Exercise requirements: Copy, exactly as written, the lines that begin at the one containing "Fotomurales Unas plantas" and end at the one containing "1月9日,纺织服装学院党委召". Skip any pictures in the data below.

Available data:
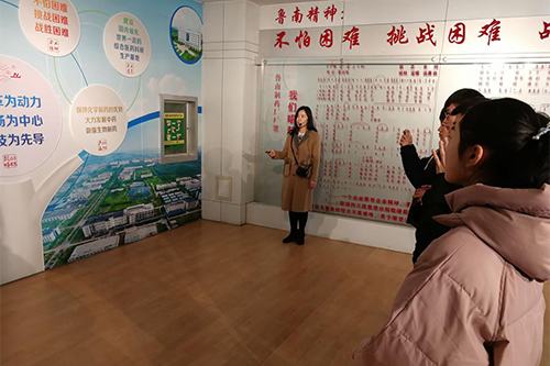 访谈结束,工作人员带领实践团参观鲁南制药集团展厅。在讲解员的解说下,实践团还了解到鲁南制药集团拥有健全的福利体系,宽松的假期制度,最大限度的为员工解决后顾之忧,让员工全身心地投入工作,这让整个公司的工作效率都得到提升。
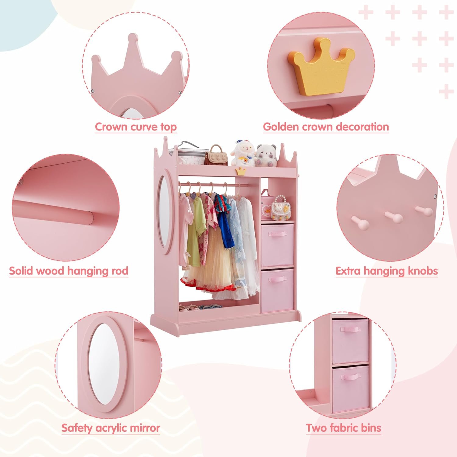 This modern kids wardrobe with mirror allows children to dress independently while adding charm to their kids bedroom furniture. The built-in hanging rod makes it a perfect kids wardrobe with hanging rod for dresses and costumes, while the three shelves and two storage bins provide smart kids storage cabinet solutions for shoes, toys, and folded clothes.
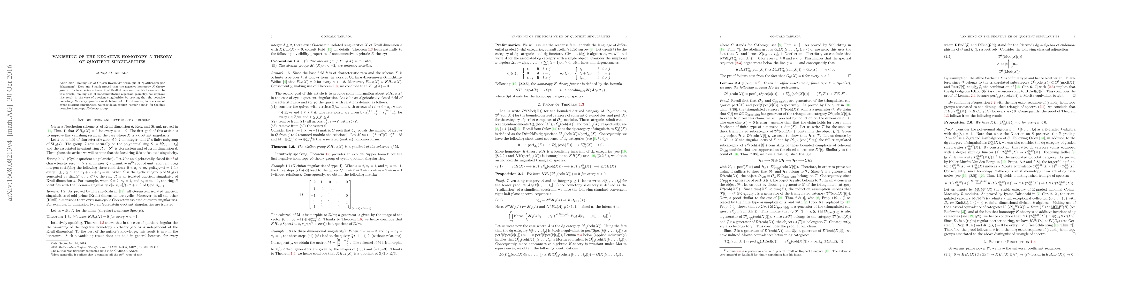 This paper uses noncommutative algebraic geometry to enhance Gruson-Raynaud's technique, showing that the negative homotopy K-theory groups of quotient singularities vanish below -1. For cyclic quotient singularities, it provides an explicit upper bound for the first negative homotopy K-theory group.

...

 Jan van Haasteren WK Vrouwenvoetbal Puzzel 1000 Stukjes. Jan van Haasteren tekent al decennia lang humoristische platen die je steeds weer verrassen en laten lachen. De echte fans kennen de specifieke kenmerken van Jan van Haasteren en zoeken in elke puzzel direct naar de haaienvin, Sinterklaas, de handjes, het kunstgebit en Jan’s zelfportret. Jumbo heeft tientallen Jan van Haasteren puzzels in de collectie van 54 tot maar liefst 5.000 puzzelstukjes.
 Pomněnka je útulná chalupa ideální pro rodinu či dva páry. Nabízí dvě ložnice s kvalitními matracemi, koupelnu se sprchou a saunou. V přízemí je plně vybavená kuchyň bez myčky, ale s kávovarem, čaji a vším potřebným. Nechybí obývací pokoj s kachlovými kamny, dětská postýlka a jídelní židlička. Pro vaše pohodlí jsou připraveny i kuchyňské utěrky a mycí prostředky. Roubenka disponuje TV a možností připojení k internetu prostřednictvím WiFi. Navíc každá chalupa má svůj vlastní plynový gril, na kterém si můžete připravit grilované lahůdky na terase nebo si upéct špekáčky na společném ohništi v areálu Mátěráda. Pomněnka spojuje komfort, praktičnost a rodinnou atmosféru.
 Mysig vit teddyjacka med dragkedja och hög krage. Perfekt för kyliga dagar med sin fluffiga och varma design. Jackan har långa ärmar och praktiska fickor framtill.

...

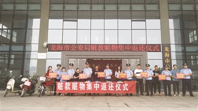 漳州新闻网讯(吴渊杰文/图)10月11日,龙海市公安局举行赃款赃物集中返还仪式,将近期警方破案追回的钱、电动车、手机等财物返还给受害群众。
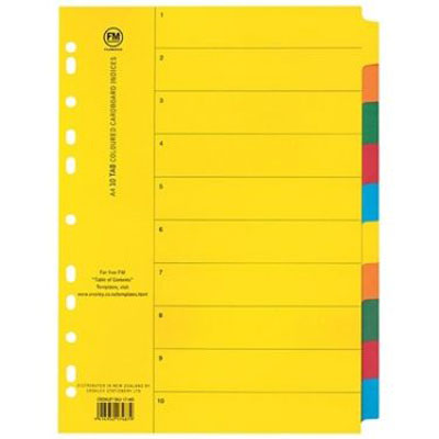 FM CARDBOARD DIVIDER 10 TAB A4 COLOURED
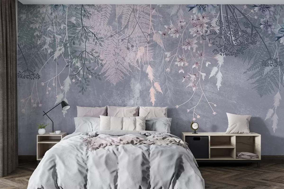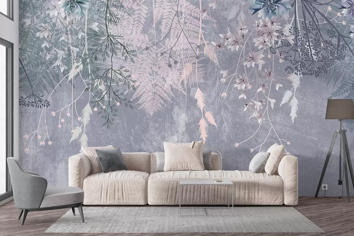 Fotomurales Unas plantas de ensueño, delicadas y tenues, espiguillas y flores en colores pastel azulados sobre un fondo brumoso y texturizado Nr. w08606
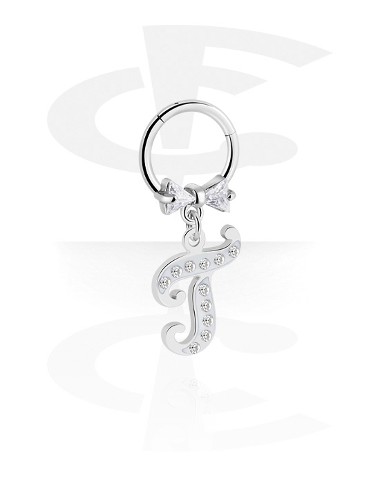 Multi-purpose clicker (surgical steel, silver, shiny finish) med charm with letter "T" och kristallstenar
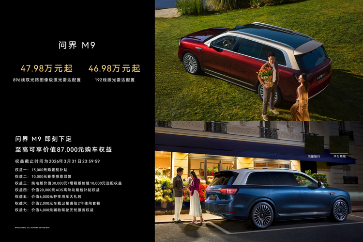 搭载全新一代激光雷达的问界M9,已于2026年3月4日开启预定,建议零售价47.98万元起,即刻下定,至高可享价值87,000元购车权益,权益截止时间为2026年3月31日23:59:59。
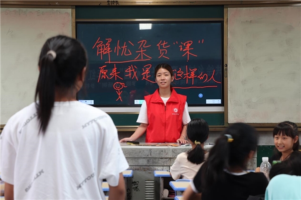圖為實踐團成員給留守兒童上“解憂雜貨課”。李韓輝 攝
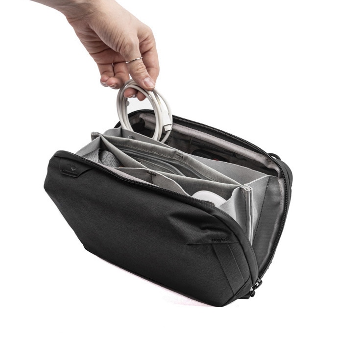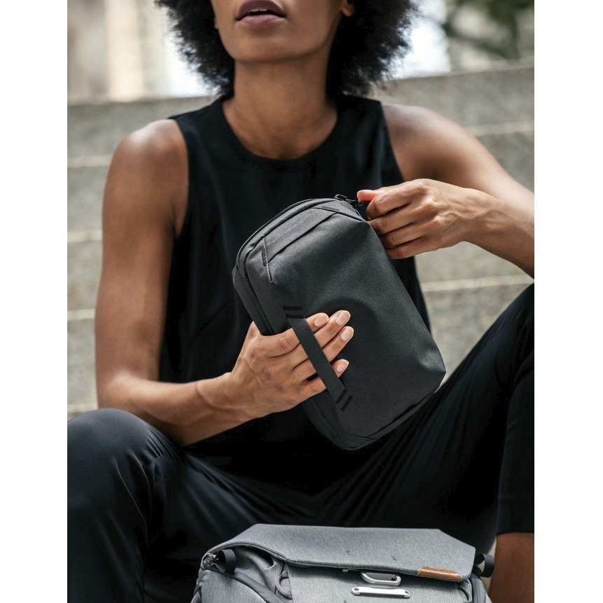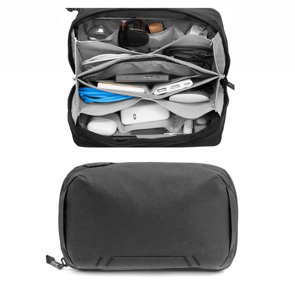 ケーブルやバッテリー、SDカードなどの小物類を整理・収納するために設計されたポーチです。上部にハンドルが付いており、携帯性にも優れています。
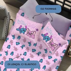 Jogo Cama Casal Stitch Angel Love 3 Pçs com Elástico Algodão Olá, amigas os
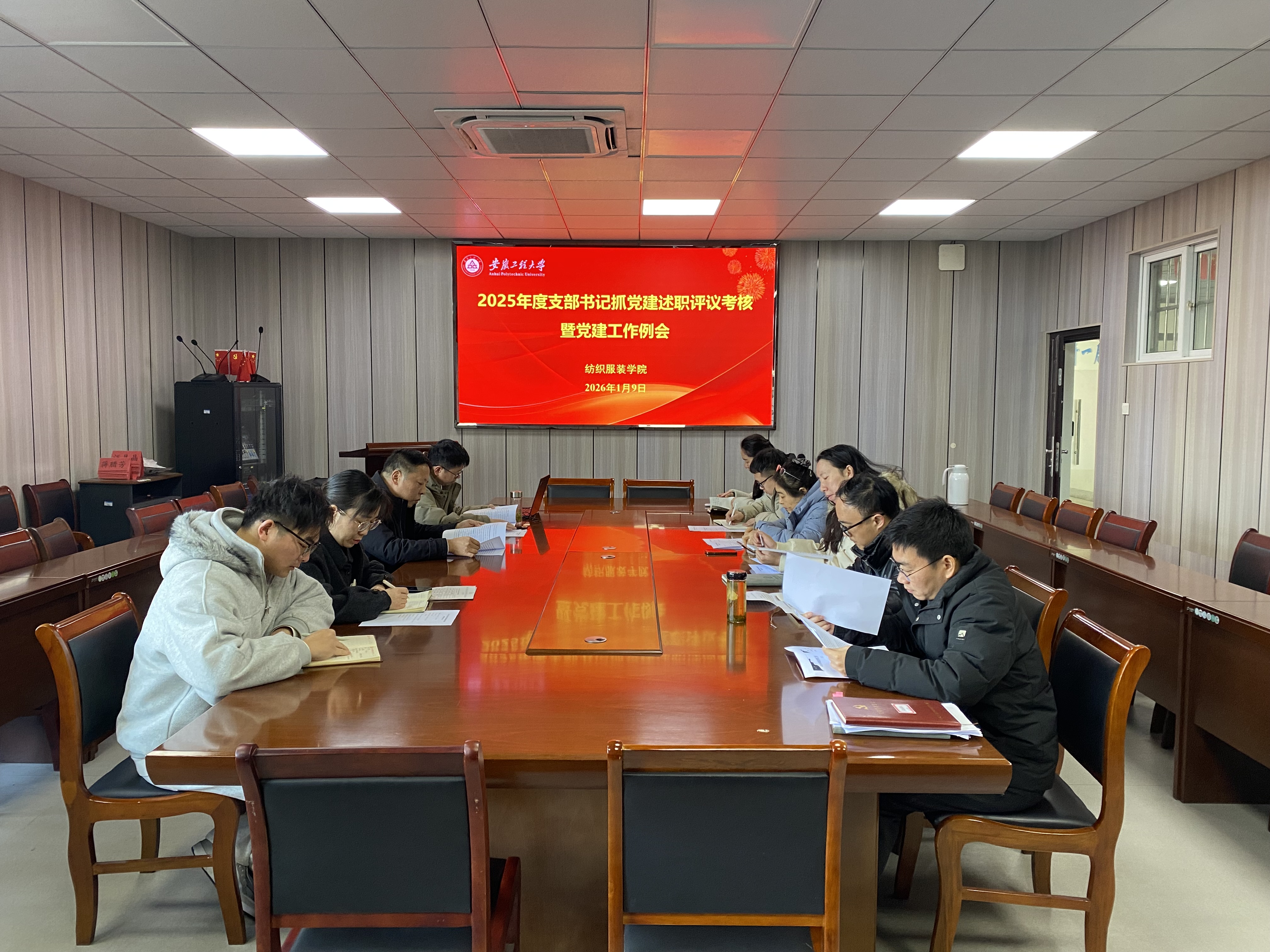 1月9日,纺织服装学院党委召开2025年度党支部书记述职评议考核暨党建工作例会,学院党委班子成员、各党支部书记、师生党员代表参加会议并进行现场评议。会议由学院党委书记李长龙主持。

Reply:
 Fotomurales Unas plantas de ensueño, delicadas y tenues, espiguillas y flores en colores pastel azulados sobre un fondo brumoso y texturizado Nr. w08606
 Multi-purpose clicker (surgical steel, silver, shiny finish) med charm with letter "T" och kristallstenar
 搭载全新一代激光雷达的问界M9,已于2026年3月4日开启预定,建议零售价47.98万元起,即刻下定,至高可享价值87,000元购车权益,权益截止时间为2026年3月31日23:59:59。
圖為實踐團成員給留守兒童上“解憂雜貨課”。李韓輝 攝
 ケーブルやバッテリー、SDカードなどの小物類を整理・収納するために設計されたポーチです。上部にハンドルが付いており、携帯性にも優れています。
 Jogo Cama Casal Stitch Angel Love 3 Pçs com Elástico Algodão Olá, amigas os
 1月9日,纺织服装学院党委召开2025年度党支部书记述职评议考核暨党建工作例会,学院党委班子成员、各党支部书记、师生党员代表参加会议并进行现场评议。会议由学院党委书记李长龙主持。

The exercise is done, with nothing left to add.